▶ [REQUIRED WORK] Copy the material below verbatim from the line with "The ECCouncil EC0-350" to the line with "I’m selling a", both lines included, omitting pictures and every line outside that range.

▶ [AVAILABLE RECORDS]

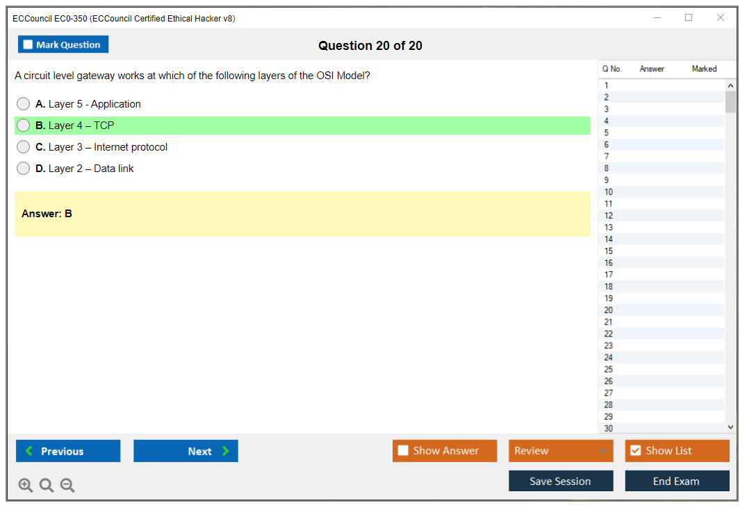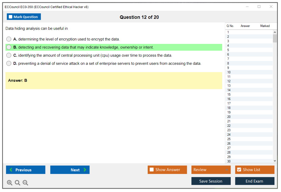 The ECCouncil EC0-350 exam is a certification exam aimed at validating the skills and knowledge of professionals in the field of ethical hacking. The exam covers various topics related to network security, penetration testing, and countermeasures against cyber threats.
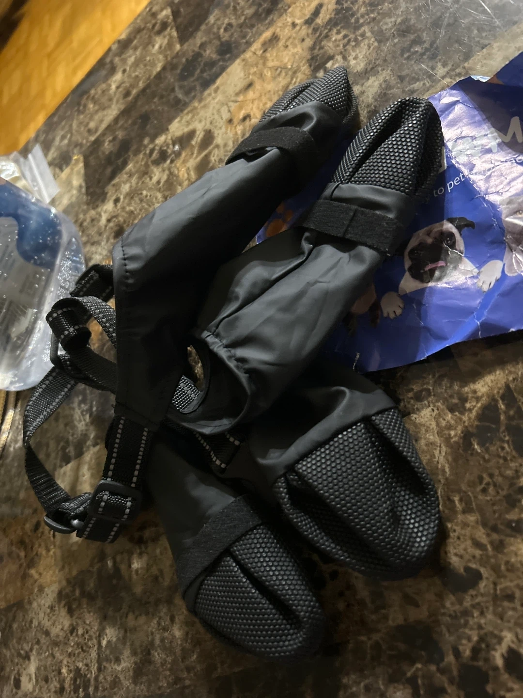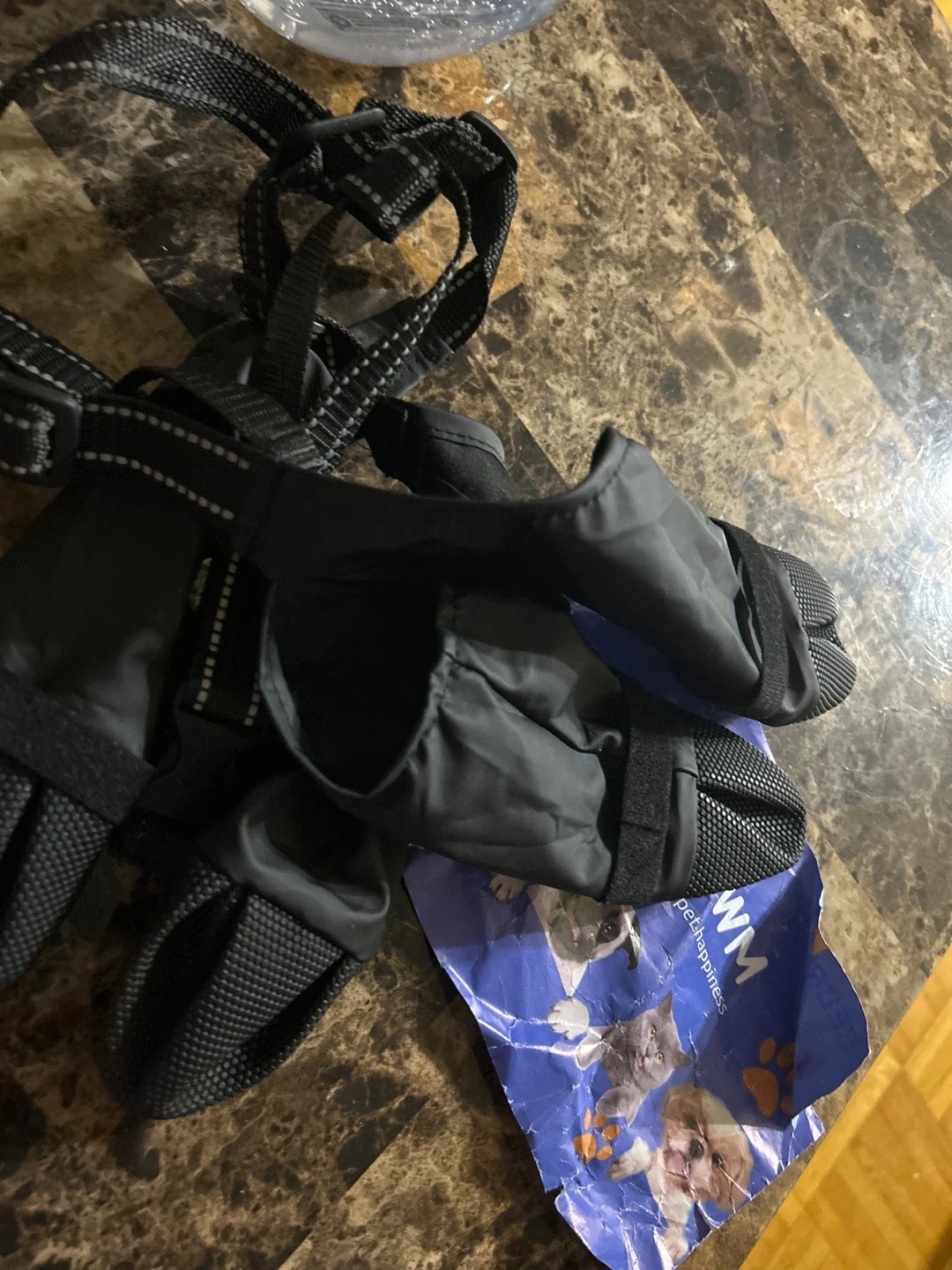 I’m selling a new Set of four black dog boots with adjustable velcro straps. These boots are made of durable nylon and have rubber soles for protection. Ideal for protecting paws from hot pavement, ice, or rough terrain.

...

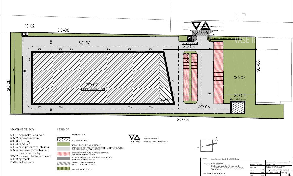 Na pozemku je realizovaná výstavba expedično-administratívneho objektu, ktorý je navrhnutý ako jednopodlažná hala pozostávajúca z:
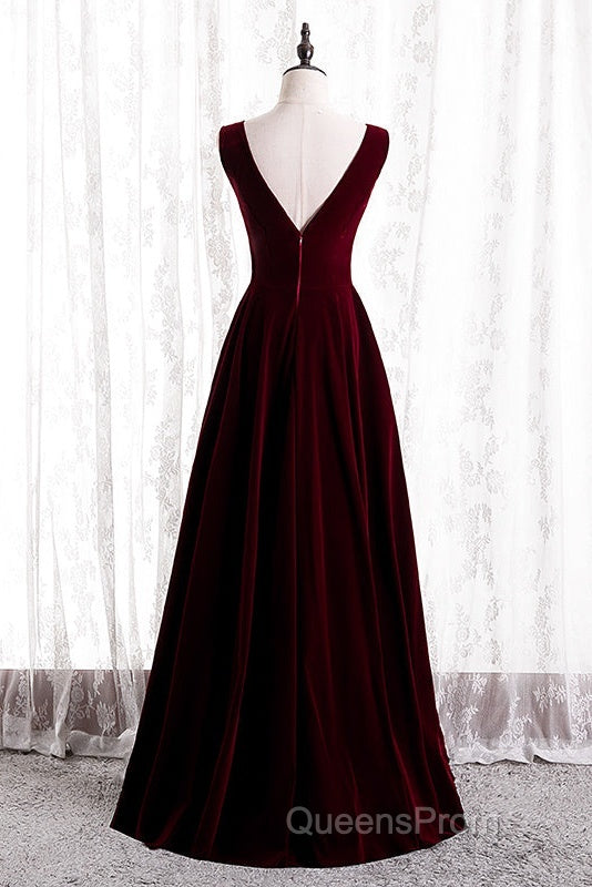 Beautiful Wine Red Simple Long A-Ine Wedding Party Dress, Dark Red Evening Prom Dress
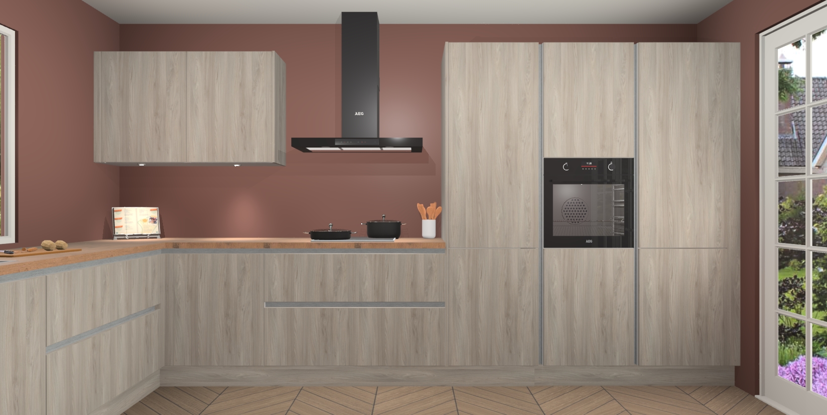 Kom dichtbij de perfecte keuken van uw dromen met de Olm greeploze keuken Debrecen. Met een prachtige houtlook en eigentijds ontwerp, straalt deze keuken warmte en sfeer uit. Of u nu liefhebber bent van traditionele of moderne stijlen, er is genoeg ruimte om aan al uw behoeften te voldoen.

...

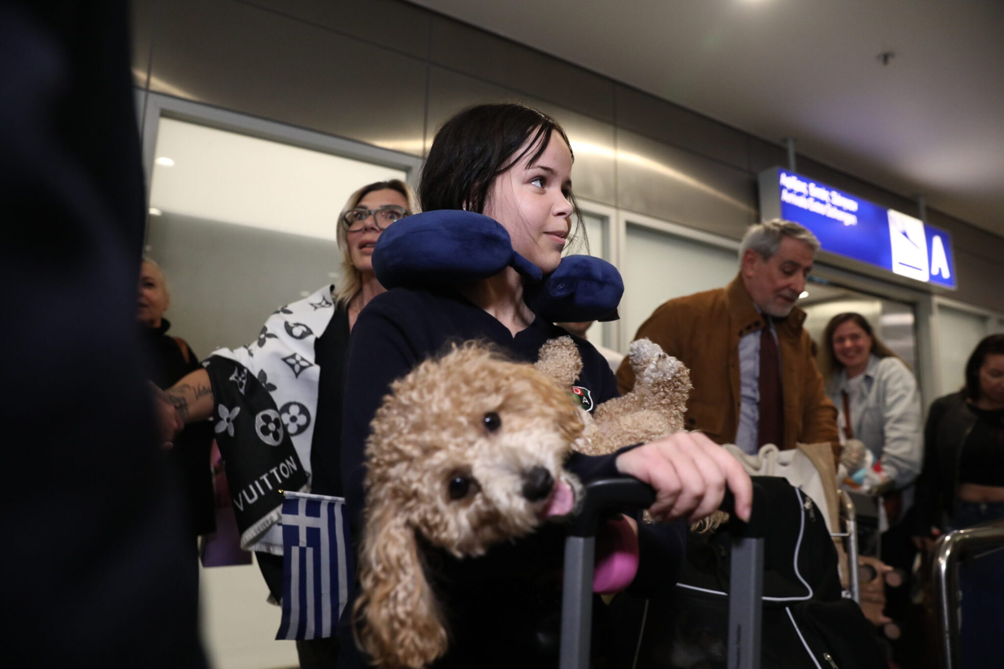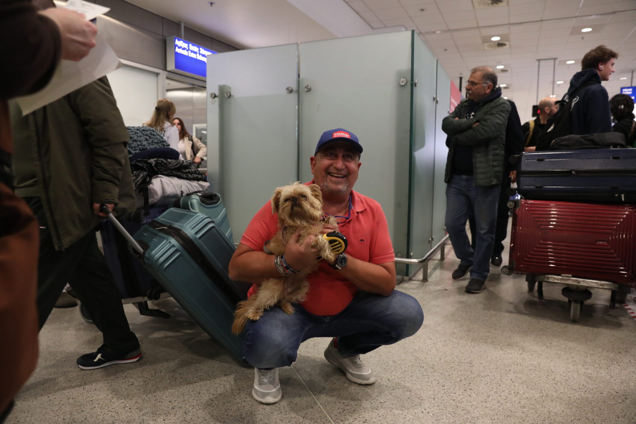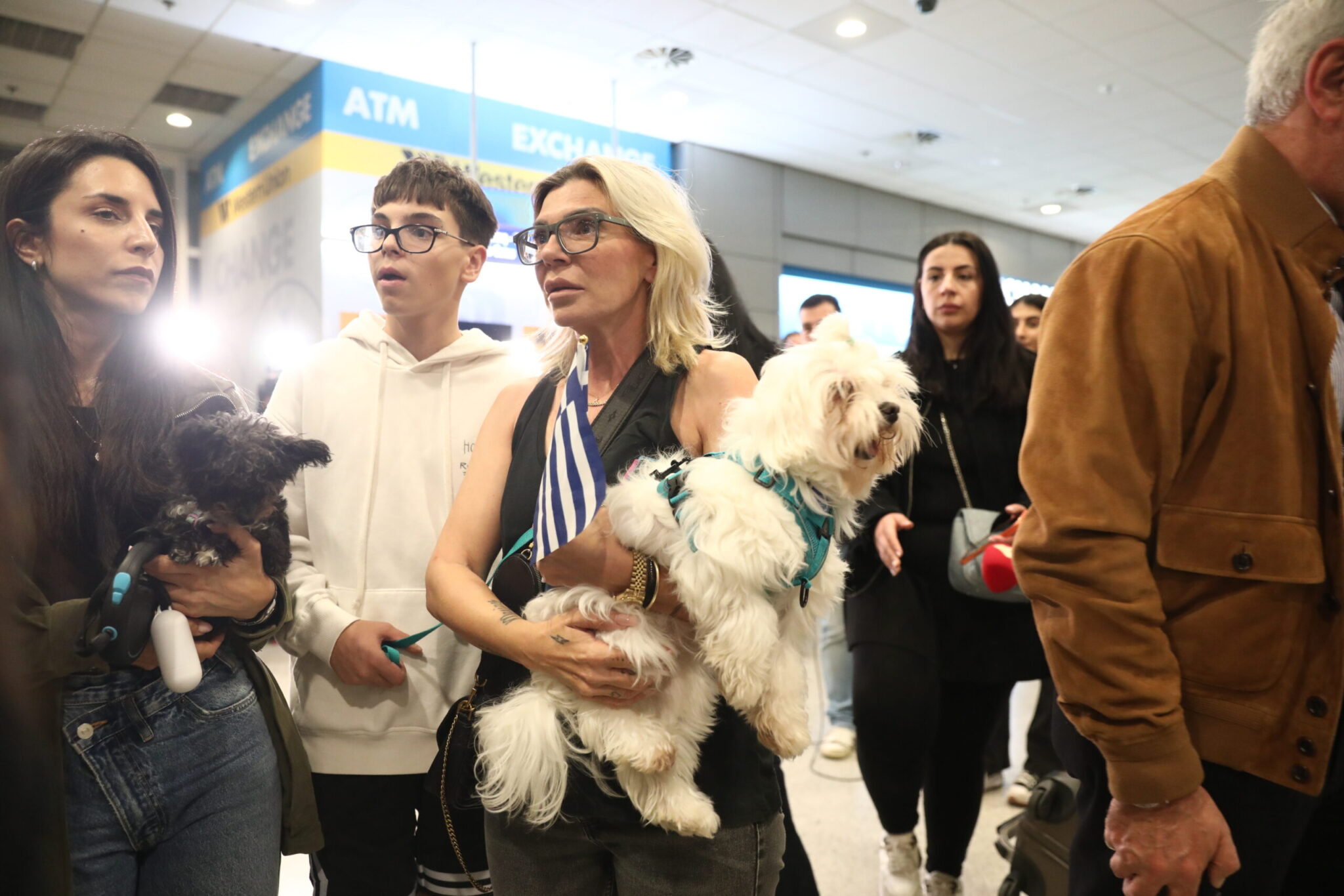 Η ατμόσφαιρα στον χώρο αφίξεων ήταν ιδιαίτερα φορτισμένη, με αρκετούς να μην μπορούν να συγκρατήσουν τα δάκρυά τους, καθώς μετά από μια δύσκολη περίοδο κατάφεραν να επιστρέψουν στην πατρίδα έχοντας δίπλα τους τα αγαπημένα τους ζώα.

▶ [SOLUTION TO THIS EXERCISE]
 The ECCouncil EC0-350 exam is a certification exam aimed at validating the skills and knowledge of professionals in the field of ethical hacking. The exam covers various topics related to network security, penetration testing, and countermeasures against cyber threats.
 I’m selling a new Set of four black dog boots with adjustable velcro straps. These boots are made of durable nylon and have rubber soles for protection. Ideal for protecting paws from hot pavement, ice, or rough terrain.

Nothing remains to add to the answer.